It’s embarrassing for me to admit this, as someone who writes a
column on the Web, but I almost never pay for online content. Till
yesterday I made an exception only for the Wall Street Journal. But
if it cost money to access the New York Times, I’m afraid I
would cough for that too, Jayson Blair and Rick Bragg
notwithstanding. The Times is still the paper of record,
even though the record is broken.
So when the Times sent me an e-mail this week
announcing a charge for its formerly free News
Tracker service, I didn’t hesitate long. Its customized alerts
have made me look smart more than once already. Without even
scanning the front page, let alone reading the articles, I can keep
up with the news in the areas I care about simply by checking my
e-mail. Twenty bucks a year is nothing for that kind of savings in
labor.
This is a plug not for the Times (plugging is the least
of its needs these days) but for the basic idea, which is probably
not original to www.nytimes.com, but which was news to me when I
found it there. Every site should offer this service, though if it
did, I’d soon find my in-box unmanageable and would need to get
more selective. (Do I really need an alert every time
Elisabeth Bumiller mentions Douglas Feith?) Having made my choices,
I’d then feel as well informed as John Poindexter.
Speaking of total information awareness, wouldn’t it be nice to
have a tracker service for the entire Internet: a continuously
crawling version of Google? The moment even the most obscure
blogger posted anything that fit my parameters — a mention of my
name, say, or a scanned photo of Monica Bellucci — Outlook Express
would chime and show me the link. (For all I know this application
already exists, in which case I’ll know about it minutes after this
piece gets posted. Thanks in advance to the readers who will tell
me.)
By extending this hypothetical service to e-mails (and
forgetting for a moment all about privacy), I could know almost
instantly about any electronic correspondence on any particular
topic. And of course the first topic I’d choose would be
myself.
Considering how much time people spend online now, this would
come awfully close to fulfilling a dream I had nearly 20 years ago,
when I first learned about Nexis. My dream was for a database
called Dixis, which would contain all the words ever spoken after
the inception of the database. You would be able to search it and
find out what your wife said to her sister in that long discussion
about your marriage after dinner last Christmas — a conversation
you didn’t even know about till you came across it on Dixis.
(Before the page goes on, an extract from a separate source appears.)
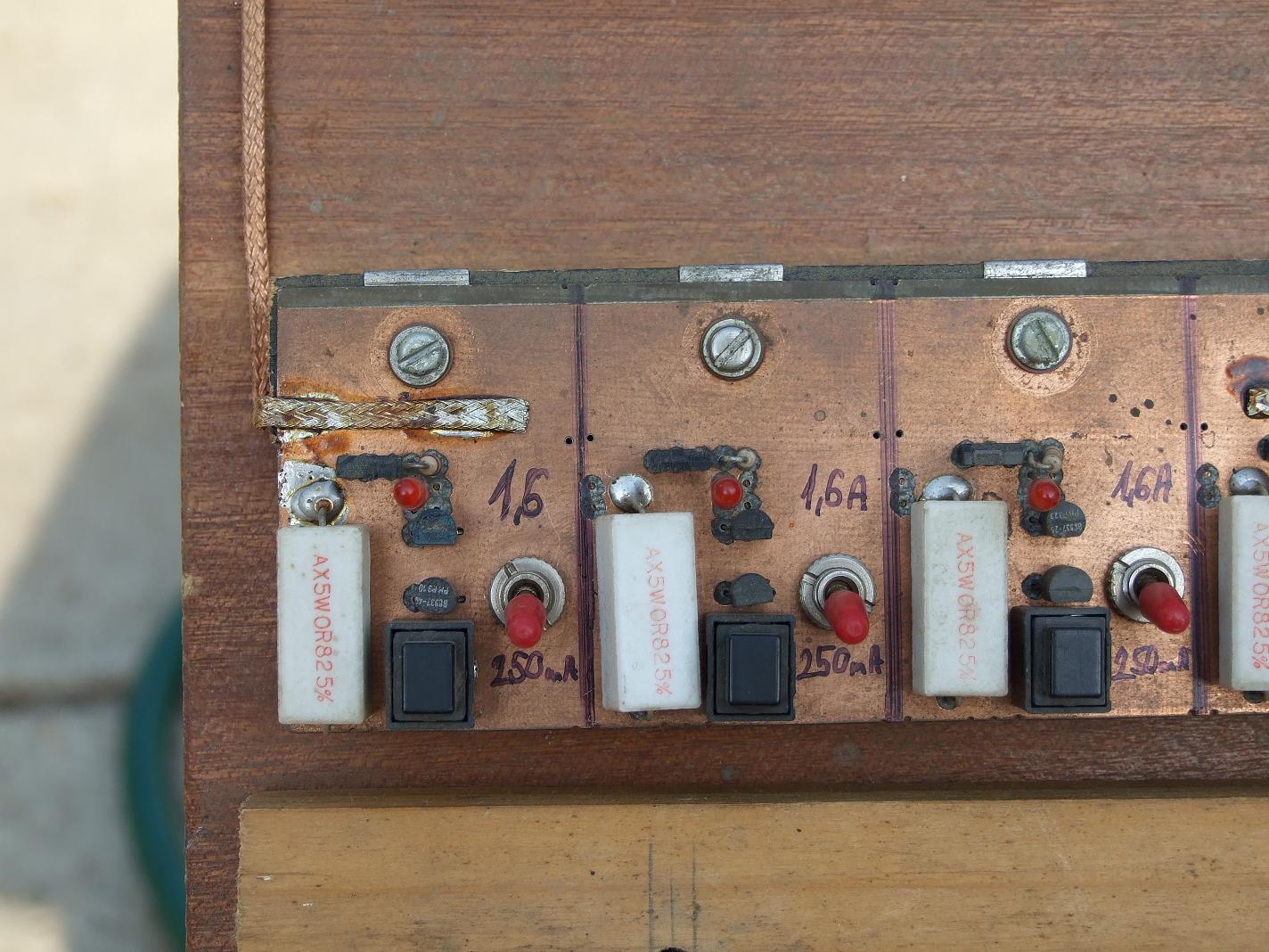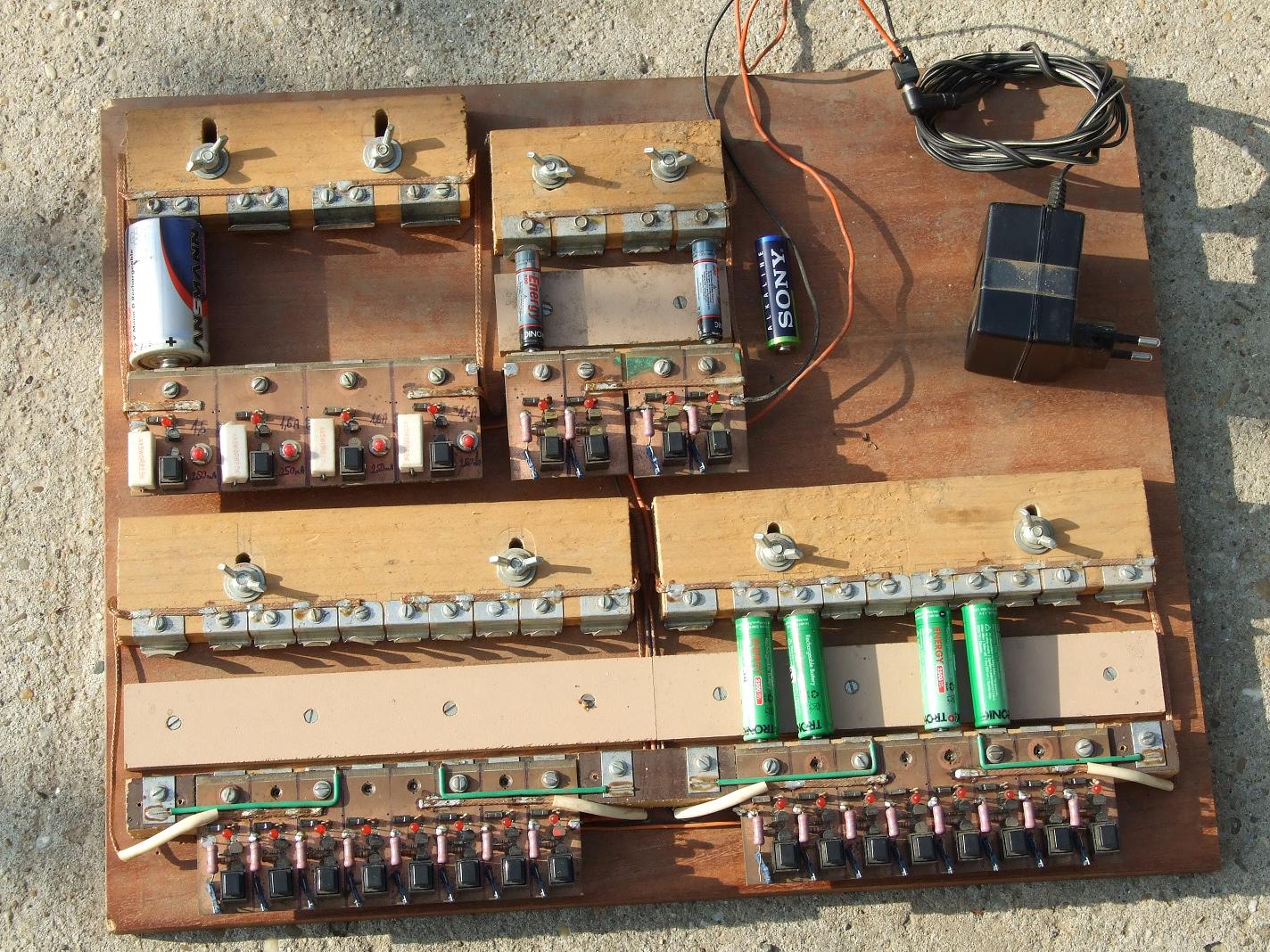 Na leporoltam a szakállas kisütőmet, és befotóztam. A kapcsoló tranzisztor (nagyáramu) 2SA1431. Na ezt soká kutattam anno a paraméterek miatt, bár más PNP-vel is üzemképes. A másik tranyoja BC237C. Ebből kettő van, az egyik csak a led meghajtását végzi, így segédtáppal követhető, hogy mikor végez. Található minden egyes egységen külön egy kapcsoló (kék, rugós, bontásból van, 1A-os, nincs kontakt hiba. Kapható is úgy tudom.), amellyel kb. 350 és 50mA között váltható a kisütő áram nagysága. Ezt azért találtam ki, hogy a már normál terhelésre leeső kapocsfeszülségü akkuk úgynevezett "maradék kapacitását" (én így neveztem el) ki tudjam sütni. Így garantáltan eltávolítható a cellából szinte az összes töltés, az is, amely már a terhelést nem viseli el, és így nagyobb áramon a kisütő már lekapcsolna (memória effektusos cellák). 4db nagyobb áramú kisütő is van a combosabb celláknak, mint pld. mono (goliat). Ezek szintén két áramot tudnak, de itt a nagyobb 1,6A, a kisebb 250mA. Minden rekesz állítható méretű, a AAA (micro) méret a legkisebb. A felső méret 16db-nál AA, míg a négy nagynál mono (goliat). Kb. 10 éves a szerkezet, és látott már rengeteg cellát. Ez még jóval a HE létezése előtt készült. A kapcsolás alapja szintén az, amit már proli007 is közzétett, egy pnp-npn tranzisztor pár, amely egy kapcsolóval öntartó áramkört alkot, aminek lekapcsolási pontját az ellenállások méretezésével határozhatjuk meg. Az eredeti ötlet egy valaha volt NDK-s elektronikus memória akku védő áramköre szolgáltatta. Az 3 soros cellára volt méretezve.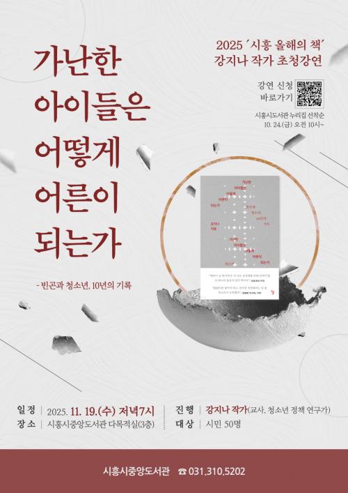 [½Åµ¿¾Æ¹æ¼Û ½ÃÈï½Ã=À̽ŵ¿±âÀÚ] ½ÃÈï½Ã Áß¾Óµµ¼­°üÀº ¡®2025³â ½ÃÈï ¿ÃÇØÀÇ Ã¥¡¯À¸·Î ¼±Á¤µÈ ¡¸°¡³­ÇÑ ¾ÆÀ̵éÀº ¾î¶»°Ô ¾î¸¥ÀÌ µÇ´Â°¡¡¹ÀÇ ÀúÀÚ °­Áö³ª ÀÛ°¡¸¦ ÃÊÃ»ÇØ 11¿ù 19ÀÏ ¿ÀÈÄ 7½Ã Áß¾Óµµ¼­°ü 3Ãþ ´Ù¸ñÀû½Ç¿¡¼­ ½Ã¹Î °­¿¬È¸¸¦ °³ÃÖÇÑ´Ù. À̹ø °­¿¬Àº ¡®½ÃÈï ¡¦

Or you
could learn what your boss said to his assistant about your chances
of getting promoted.
The possibilities are endless, which is of course the problem.
Such knowledge would be more than anyone could manage to digest,
let alone use, no matter how refined the search engine. Fortunately
such a danger still seems remote, and far outweighed by the
manifold benefits of information technology. Which reminds me to
add “Terrorism Information Awareness” (as Admiral Poindexter’s
program has been modestly renamed) to my personal roster of News
Tracker topics.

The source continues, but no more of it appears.